Facebook and its app family (including Instagram and WhatsApp) seemingly disappeared from the internet for over five hours on Monday. The outage impacted more than 3. 5 billion users worldwide who use Facebook and related platforms to connect with friends and family, to drive business through advertising, or to sway politics through outreach.
What Damage Did The Facebook Outage Cause?
With the disruption in service, panic ensued. The lapse caused a loss in revenue for some and a loss in human connection for others “showcasing just how dependent the world has become on a company under intense scrutiny…” (Facebook is under scrutiny for its negative impact on younger users.)
Influential Twitter account @TheTweetOfGod surmised that “Instagram and Facebook are currently not working, as are democracy, society and a healthy sense of self.” Facebook itself was more matter of a fact in its Twitter coverage of the incident: “We’re sorry….Thank you for bearing with us.”
In “our increasingly digitally mediated work economy”, what are the implications this Facebook service interruption has for TPRM?
What Caused The Facebook Outage?
While it’s too soon to confirm, it’s widely believed the recent outage on Facebook was related to DNS configurations and/or BGP routes. So what does this mean? DNS stands for domain name service and BGP is the border gateway protocol.
Think of it this way. When you want to get driving directions to your favorite restaurant you may or may not know the address (DNS), but that’s ok, because the address is static and not likely to change. You then rely on your smart device to get directions (BGP) with the fastest route for you. The same is true for Internet traffic.
Human Element In Technology
How does this relate back to Facebook and the human element? Business computer “street addresses” rarely (if ever) change, especially on the global scale of Facebook. Millions of users asked their phone or computer to take them to Facebook, and the route was unknown, too busy, or inaccessible (happens all the time in L.A., traffic there is brutal). DNS servers and BGP routers are closely guarded assets due to their criticality. Imagine closing down the Golden Gate bridge or the Lincoln tunnel during rush hour. Internet routers, switches, firewalls, and DNS servers don’t change configuration without human action. Whether it was intentional or accidental, internal or external, the fact remains it was a major outage and I’m certain Facebook is deep in the throes of a root cause analysis.
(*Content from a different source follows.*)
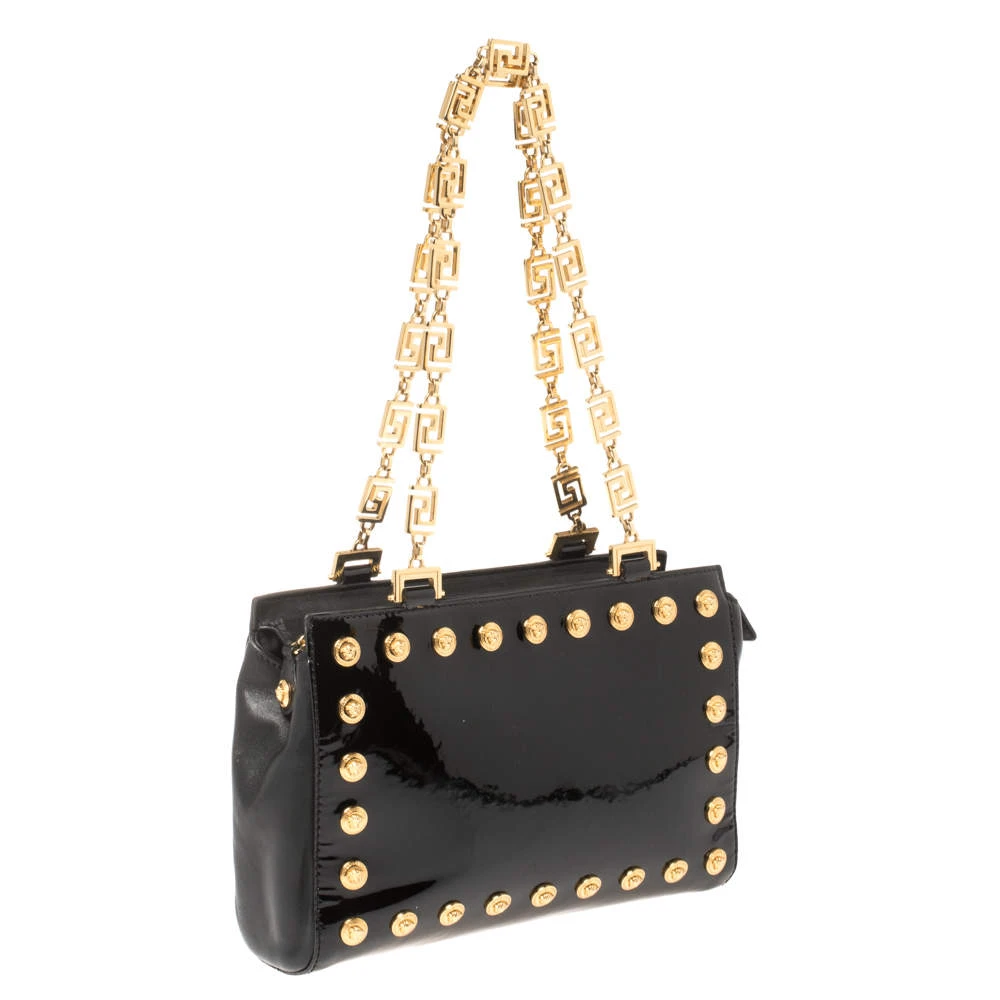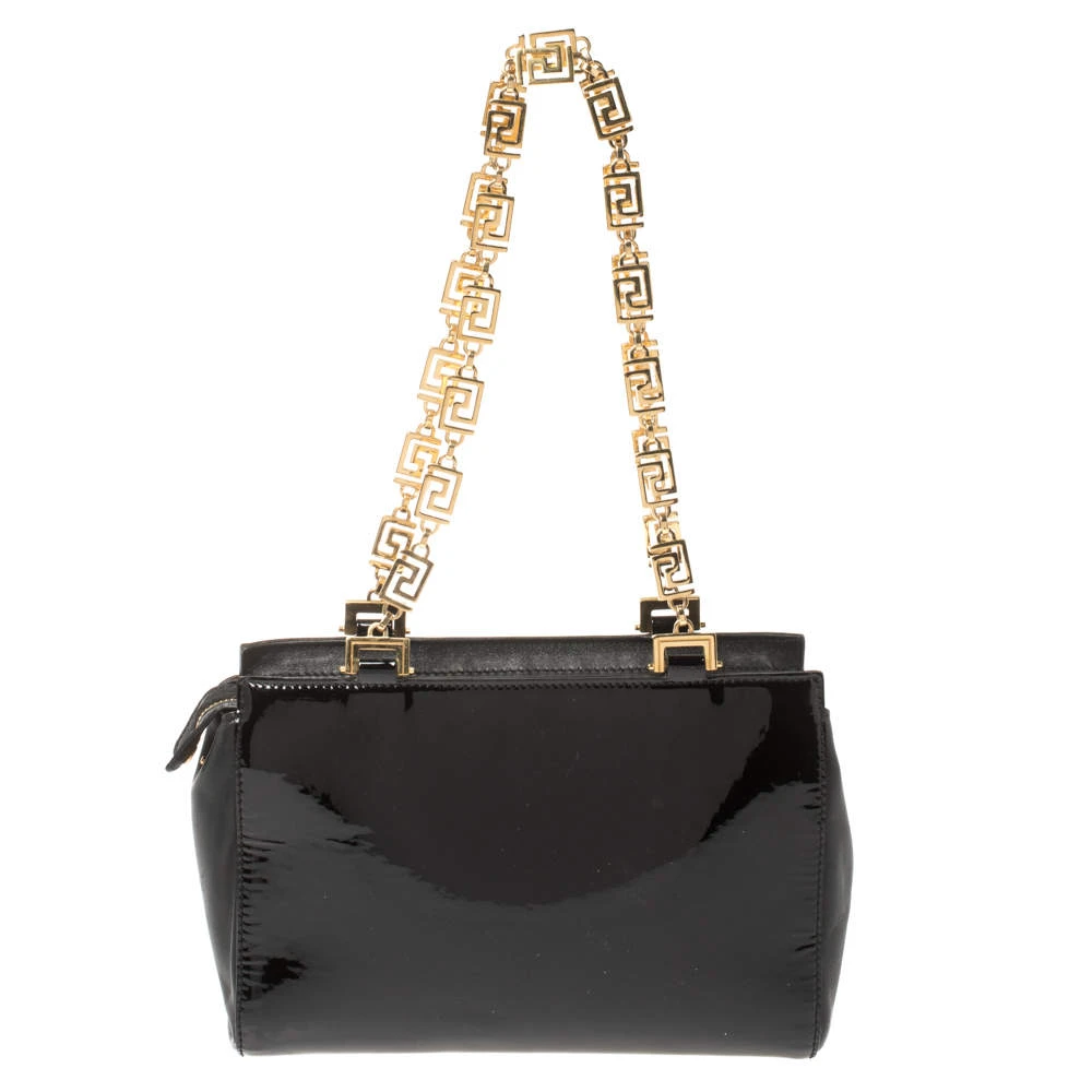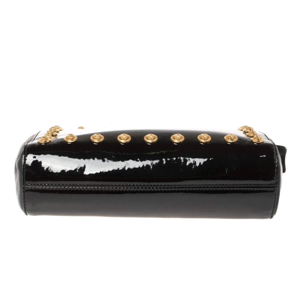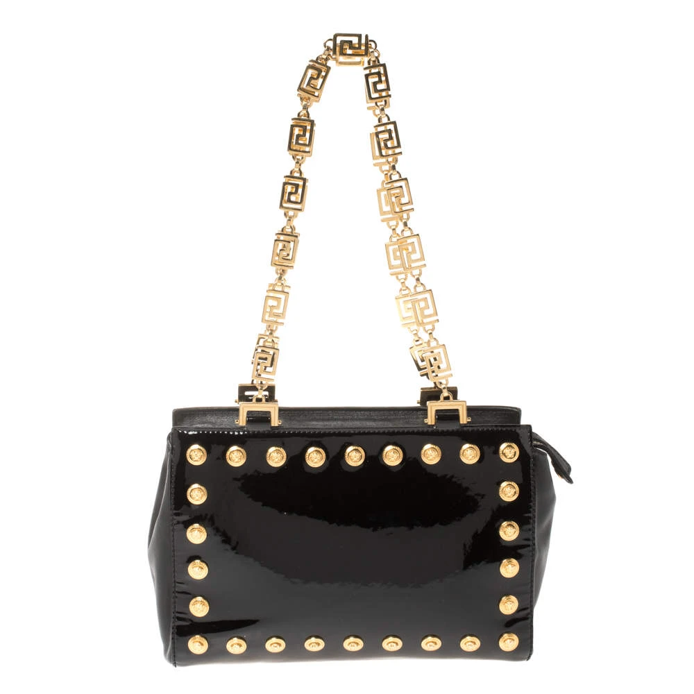 The Medusa shoulder bag by the iconic house of Versace is a statement-making piece. Made from glossy patent leather, it features the iconic Medusa motif in gold-tone on the studs and chain-link shoulder straps. The satin-lined interior is enclosed with a zipper.

What Can TPRM Do To Avoid Outages?
Now more than ever, third party risk management practices must ensure basic IT security tenants such as change control, privileged access management, logging and reporting, intrusion detection/prevention, along with all of the other layers of the security onion which envelop them. The trust but verify model works, but you have to do both. It would be fascinating to see their SOC 2 Type II report.